“None there are to believe how long I have lived, or how long I have waited, while uncounted millions of little mortal men have strutted the earth, and bred like the pigs they are, and slew and slew, and so much of the Old Knowledge was lost that what remains-in the hands of these ‘Druids’-is but the ghost of the shadow of the shadow of what I know! But I have LIVED, I have remained on this earth in this dimension, whilst others died and returned scores of times. And now… at last I will have my vengeance, after a hundred and eighty centuries.”

The risen dead man looked about, ruminating. “First I must be invited to leave this isle, for still I am bound here by the old spell. But… I shall come to thee, you who men know now as Cormac mac Art of Connacht in Eirrin! I… will… have… my… VENGEANCE!”

And as the tall and cadaverous figure in the night-dark robe hurled aloft both arms amid a flapping of full tapering sleeves, the eyes and lips of his visage seemed to waver and vanish, to be replaced for an instant by a ghastly, grinning, chalk-white skull!

The most powerful and dedicatedly evil sorcerer in the world’s history was loose again on the face of the earth.

Chapter One:

Eight-and-twenty Picts

Sped by strong hands at its ten banks of oars, the hide-covered ship-or long boat-clove the water as though with good wind behind. Yet its blue sail was furled, for no air stirred the sea that basked so lazily in the sun betwixt Britain and Eirrin. Only where the ship passed was the blue-green water disturbed; it foamed cloud-white along the little ship and for a short distance in its wake.

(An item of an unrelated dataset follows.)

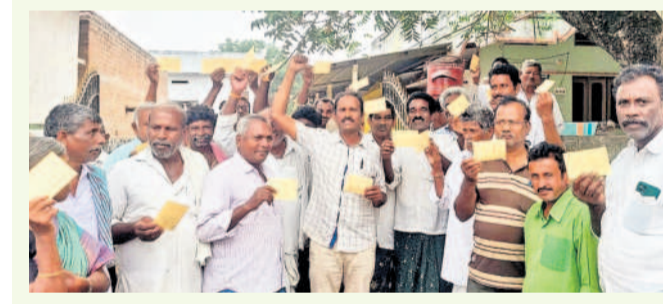
ఖమ్మం జిల్లా ముదిగొండ మండలం బిరుమలలో పోస్టుకార్యాలయ రైతులు, రైతు సంఘం నాయకులు

ఖిలా వరంగల్/మహబూబాబాద్ రూరల్, డిసెంబర్ 9: రుణమాఫీ ఇంకెప్పుడు చేస్తారు టూ రైతులు ఆగ్రహం వ్యక్తం చేస్తున్నారు. ఎన్ని జాబితాలు విడుదల చేసినా అందులో తమ పేర్లు లేవంటూ వారు మండి పడుతున్నారు. ఓ వైపు రుణమాఫీ పూర్తయిందని ప్రభుత్వం చెబుతున్నా మాఫీ కాని రైతులు ఇంకా చాలామంది ఉన్నారని వారు అంటున్నారు. రుణమాఫీ కాని రైతులను సోమవారం వరంగల్, మహబూబాబాద్ కలెక్టరేట్ నిరసన తెలిపారు. వరంగల్ జిల్లా నెక్కోలాండ మండలం అలంకానిపేట, మహబూబాబాద్ మండలం మాడపాపరం, కురవీ మండలం బంజారాకండా రైతులు ఆయా జిల్లాల కలెక్టరేట్ల ఎదుట దర్శాకు దిగారు. ఆరులైన తమకు రుణమాఫీ చేయకుండా కాంగ్రెస్ ప్రభుత్వం కాలయాపన చేస్తున్నదని విమర్శించారు. నెక్కోండ మండలం ఐపోలీలో 1500 మంది రైతుల ఖాతాలు ఉండగా అందులో 800 మందికి మాత్రమే రుణమాఫీ జరిగిందని వారు పేర్కొన్నారు. మిగతా 900 మందికి అధికారుల

The men at the oars had set aside their helmets, some of which sprouted horns, while one was decorated with feathers and still another trailed a horsehair plume after the Roman fashion. Long was the hair of these men, plaited or caught back by a thong, and there was but one among the crew of that lone vessel whose locks were more dark than the colour of new copper. Some of the oarsmen were daubed on face and arms with blue paint or dye. Others wore no such paint, though the face of one huge-armed fellow was etched with a scar so fierce it might have been mistaken for a red dye, only slightly faded.